There are only two different patterns, one through nfsd and the other
through the network interrupt thread. I applied Steven's patch
https://lkml.org/lkml/2014/1/16/366 to get as much information as possible.
Thanks,
Carsten.
irq/30-eth0:
[ 9346.799757] BUG: scheduling while atomic: irq/30-eth0/1123/0x00000002
[ 9346.799791] Modules linked in: eeprom nfsd lockd grace nfs_acl
exportfs auth_rpcgss oid_registry sunrpc ip6t_REJECT nf_reject_ipv6
bluetooth nf_conntrack_ipv6 rfkill nf_defrag_ipv6 ip6table_filter
cpufreq_ondemand ip6_tables it87 hwmon_vid coretemp snd_hda_codec_hdmi
snd_hda_codec_via snd_hda_codec_generic snd_hda_intel snd_hda_controller
snd_hda_codec snd_hwdep r8169 mii iTCO_wdt iTCO_vendor_support snd_seq
snd_seq_device snd_pcm snd_timer xhci_pci xhci_hcd wmi i2c_i801
serio_raw lpc_ich mfd_core snd microcode pcspkr soundcore acpi_cpufreq
ipv6 i915 drm_kms_helper drm video i2c_algo_bit i2c_core
[ 9346.799804] Preemption disabled at:[<ffffffffa03fc582>]

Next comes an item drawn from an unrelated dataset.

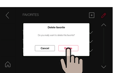 저장된 즐겨찾기는 Settings(설정) > Favorites(즐겨찾기)에 표시됩니다. 해당 매개변수는 레시피를 선택하여 편집할 수 있습니다.

svc_xprt_enqueue+0x16/0x18 [sunrpc]
[ 9346.799804]
[ 9346.799807] CPU: 2 PID: 1123 Comm: irq/30-eth0 Tainted: G W
3.18.7-rt2-nodebug #32
[ 9346.799808] Hardware name: System manufacturer System Product
Name/P8H61-I, BIOS 0403 02/11/2011
[ 9346.799810] ffff8800adc49cb0 ffff880137d5b6e8 ffffffff814c6c96
0000000000000000
[ 9346.799811] ffff88013b28aa00 ffff880137d5b6f8 ffffffff814c3e55
ffff880137d5b778
[ 9346.799813] ffffffff814c8427 ffff880137d5b728 ffffffff810862a6
ffff880137d58000
[ 9346.799813] Call Trace:
[ 9346.799818] [<ffffffff814c6c96>] dump_stack+0x4f/0x7c
[ 9346.799820] [<ffffffff814c3e55>] __schedule_bug+0x9a/0xad
[ 9346.799822] [<ffffffff814c8427>] __schedule+0x8f/0x55a
[ 9346.799824] [<ffffffff810862a6>] ? __rt_mutex_adjust_prio+0x26/0x2a
[ 9346.799826] [<ffffffff814ca409>] ? _raw_spin_unlock_irqrestore+0x19/0x2c
[ 9346.799828] [<ffffffff814c89ed>] schedule+0x7a/0x8d
[ 9346.799830] [<ffffffff814c9809>] rt_spin_lock_slowlock+0x150/0x1df
[ 9346.799832] [<ffffffff810867d5>]
rt_spin_lock_fastlock.constprop.12+0x1f/0x21
[ 9346.799834] [<ffffffff814ca615>] rt_spin_lock+0xe/0x10
[ 9346.799840] [<ffffffffa03fc49d>] svc_xprt_do_enqueue+0x7d/0x14c [sunrpc]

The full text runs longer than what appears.